In reminding the world that any nuclear deal emerging from Lausanne must have Khamenei’s sign-off, Rajavi also warned that “continuing negotiations with religious fascism in the framework of appeasement will not make the region and the world secure from the threat of nuclear proliferation.”

Recalling the Tehran regime’s years of heavy investment in obtaining nuclear weapons, Rajavi declared that the only alternative to a nuclear-armed Iran “is a democratic and non-nuclear Iran.”

The idea that merely by negotiating with the current regime in Iran the P5+1 help prop it up was underscored to Newsmax by Ali Safavi, the NCRI’s Washington spokesman.

“Any kind of negotiation makes up for the deficit of political legitimacy and the popular support that this regime lacks,” Safavi told Newsmax.

He recalled how in 2009, there was overwhelming evidence of popular opposition to the theocratic government in the form of massive demonstrations in the streets. After reform candidate Mir-Hossein Mousavi was counted out in a presidential election many thought rigged and fraudulent, protesters took to the streets branding signs that read “Death to Khamenei” and “Death to Velayat-e Faqih [roughly translated as “absolute rule by the clergy” and the title of a 1970 book by Ayatollah Khomeini].”

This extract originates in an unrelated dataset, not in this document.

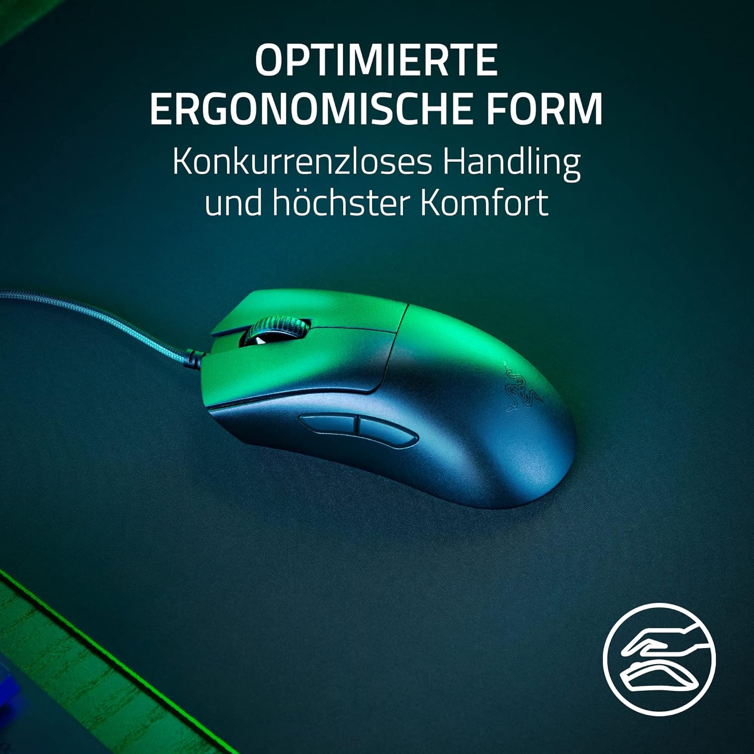 Die Razer DeathAdder Essential verfügt über einen bewährten optischen Sensor mit echten 6.400 DPI für schnelle und präzise Mausbewegungen.

The uprising was quelled, said Safavi, “in large part because Mousavi was not fundamentally interested in changing the regime. He has been languishing under house arrest since 2009.”
Founded in 1981, NCRI represents political figures, academicians, and other Iranians who have fled their homeland, are dedicated to the overthrow of the Islamic Republic and its replacement with a secular democracy.

The group’s leaders are the lineal heirs to Dr. Mohammad Mossadegh, the colorful nationalist and elected prime minister of post-war Iran. His ouster in a U.S-backed coup in 1953 led to the return to power of the exiled Shah of Iran.

Although Mossadegh’s National Front party was outlawed after the former prime minister’s trial and confinement to his home, his followers regrouped in 1965 to form the People’s Mojahedin Organization to wage demonstrations and armed struggle against the Shah.

Known by the acronym MEK, the same group fought Khomeini after he came to power in 1979 and much of its membership was driven to exile. MEK is now the largest component within the NCRI, whose international conclave in Paris last year drew more than 100,000 participants from throughout the world.